Would you return the listing exactly as written, apart from its pictures?

Supplied records ::
╭──

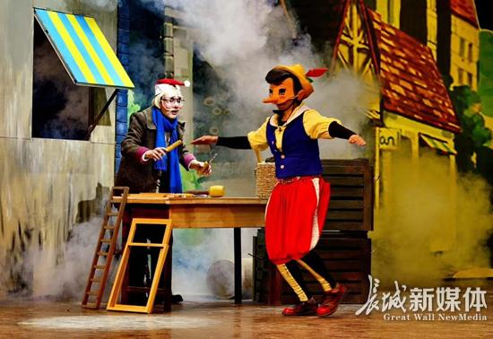 匹诺曹陪小朋友快乐过新年。
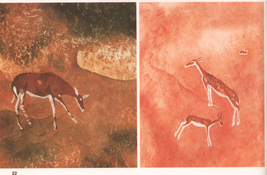 First edition: 95 pages, colour frontispiece, 106 colour reproductions of rock paintings from all parts of Southern Africa, map, quarter brown leather with matching cloth boards, scuff marks on the front end papers, titled gilt on the spine, a very good copy.
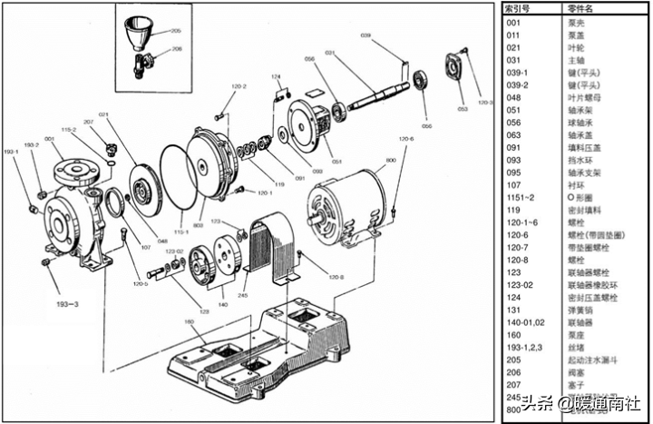 离心泵的主要零部件:
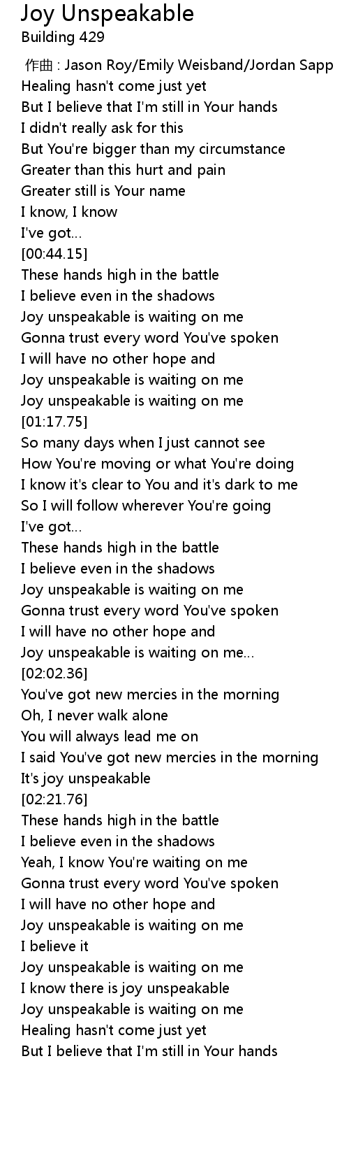 | [02:19.19] | It' s joy unspeakable |
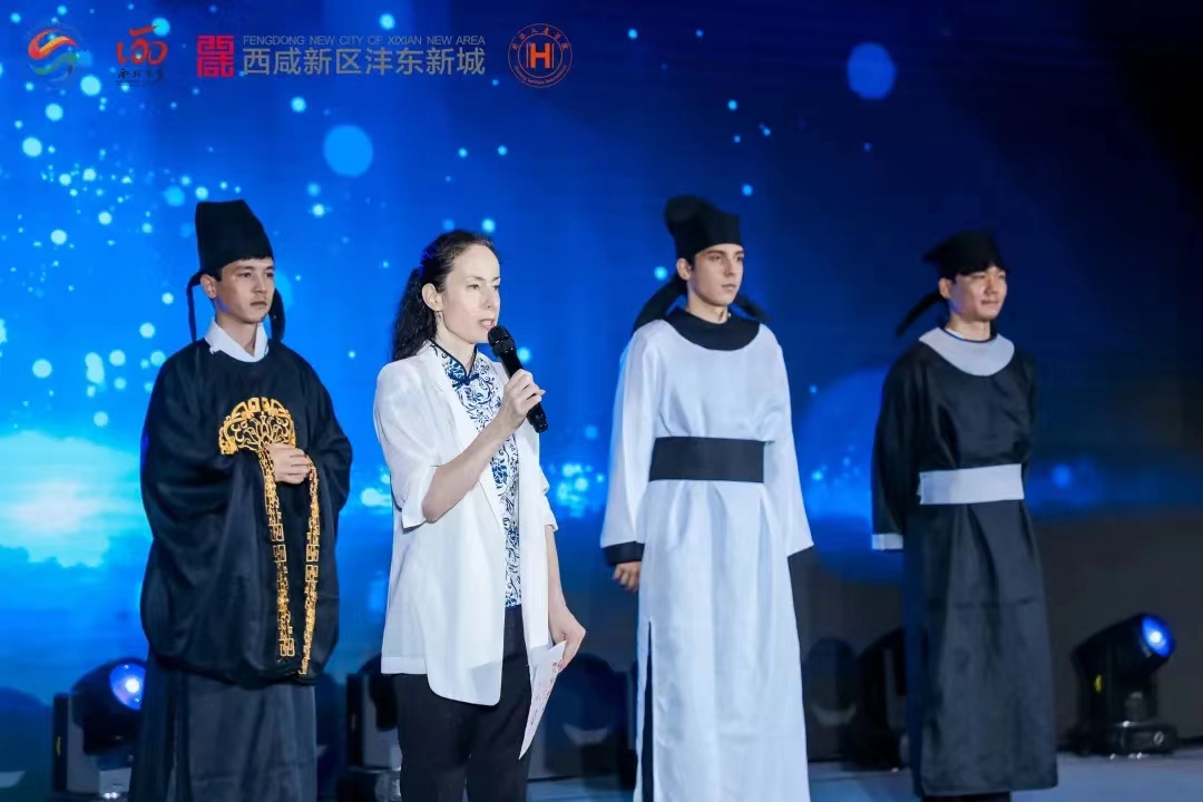 7月16日的演出,最具亮点的是西北大学教授考古学家王建新、美术家岳钰及旅居西安的法国学者美姗等专家在剧中客串亮相,以学者专家的身份,对剧中的丝路交流先贤进行了文化延伸式的阐发和提炼。
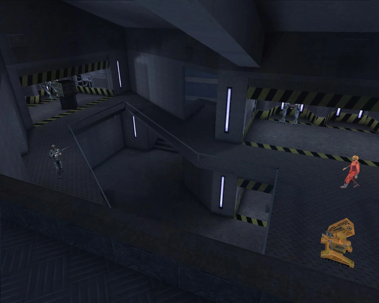 This is the area where JC Denton wakes up in a detention cell. In addition to his cell, there are three more: one containing a dead body of a NSF terrorist and a medical bot, the second holding a living terrorist named Miguel, and the third contains a crate and 2 packs of soy food. This area is patrolled by a single guard and has one security camera.

╰──

Solution to the problem ::
 匹诺曹陪小朋友快乐过新年。
 First edition: 95 pages, colour frontispiece, 106 colour reproductions of rock paintings from all parts of Southern Africa, map, quarter brown leather with matching cloth boards, scuff marks on the front end papers, titled gilt on the spine, a very good copy.
 离心泵的主要零部件:
 | [02:19.19] | It' s joy unspeakable |
 7月16日的演出,最具亮点的是西北大学教授考古学家王建新、美术家岳钰及旅居西安的法国学者美姗等专家在剧中客串亮相,以学者专家的身份,对剧中的丝路交流先贤进行了文化延伸式的阐发和提炼。
 This is the area where JC Denton wakes up in a detention cell. In addition to his cell, there are three more: one containing a dead body of a NSF terrorist and a medical bot, the second holding a living terrorist named Miguel, and the third contains a crate and 2 packs of soy food. This area is patrolled by a single guard and has one security camera.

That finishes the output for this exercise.